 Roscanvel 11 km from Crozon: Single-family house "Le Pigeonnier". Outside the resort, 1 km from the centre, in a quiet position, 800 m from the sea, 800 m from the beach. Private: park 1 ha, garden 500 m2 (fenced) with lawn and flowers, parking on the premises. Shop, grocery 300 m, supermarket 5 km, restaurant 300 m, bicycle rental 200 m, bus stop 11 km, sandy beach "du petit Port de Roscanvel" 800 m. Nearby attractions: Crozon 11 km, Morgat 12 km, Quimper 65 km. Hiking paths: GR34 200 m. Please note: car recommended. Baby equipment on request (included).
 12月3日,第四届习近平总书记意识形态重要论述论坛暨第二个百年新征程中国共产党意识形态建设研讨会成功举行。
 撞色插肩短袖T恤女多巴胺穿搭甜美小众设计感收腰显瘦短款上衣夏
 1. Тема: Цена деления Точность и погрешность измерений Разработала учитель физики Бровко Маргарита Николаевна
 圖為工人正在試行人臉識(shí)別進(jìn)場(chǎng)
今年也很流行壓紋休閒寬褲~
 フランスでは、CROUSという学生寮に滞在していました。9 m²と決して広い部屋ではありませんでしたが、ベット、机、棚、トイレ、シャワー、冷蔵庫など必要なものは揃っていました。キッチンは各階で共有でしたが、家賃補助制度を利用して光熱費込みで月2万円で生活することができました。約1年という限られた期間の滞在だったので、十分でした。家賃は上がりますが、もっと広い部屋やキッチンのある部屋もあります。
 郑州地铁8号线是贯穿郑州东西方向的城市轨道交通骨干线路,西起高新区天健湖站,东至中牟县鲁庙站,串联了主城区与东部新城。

============

> YOUR GOAL:
The expected result is every record above, duplicated exactly.

> SOLUTION TO THE EXERCISE:
 Roscanvel 11 km from Crozon: Single-family house "Le Pigeonnier". Outside the resort, 1 km from the centre, in a quiet position, 800 m from the sea, 800 m from the beach. Private: park 1 ha, garden 500 m2 (fenced) with lawn and flowers, parking on the premises. Shop, grocery 300 m, supermarket 5 km, restaurant 300 m, bicycle rental 200 m, bus stop 11 km, sandy beach "du petit Port de Roscanvel" 800 m. Nearby attractions: Crozon 11 km, Morgat 12 km, Quimper 65 km. Hiking paths: GR34 200 m. Please note: car recommended. Baby equipment on request (included).
 12月3日,第四届习近平总书记意识形态重要论述论坛暨第二个百年新征程中国共产党意识形态建设研讨会成功举行。
 撞色插肩短袖T恤女多巴胺穿搭甜美小众设计感收腰显瘦短款上衣夏
 1. Тема: Цена деления Точность и погрешность измерений Разработала учитель физики Бровко Маргарита Николаевна
 圖為工人正在試行人臉識(shí)別進(jìn)場(chǎng)
今年也很流行壓紋休閒寬褲~
 フランスでは、CROUSという学生寮に滞在していました。9 m²と決して広い部屋ではありませんでしたが、ベット、机、棚、トイレ、シャワー、冷蔵庫など必要なものは揃っていました。キッチンは各階で共有でしたが、家賃補助制度を利用して光熱費込みで月2万円で生活することができました。約1年という限られた期間の滞在だったので、十分でした。家賃は上がりますが、もっと広い部屋やキッチンのある部屋もあります。
 郑州地铁8号线是贯穿郑州东西方向的城市轨道交通骨干线路,西起高新区天健湖站,东至中牟县鲁庙站,串联了主城区与东部新城。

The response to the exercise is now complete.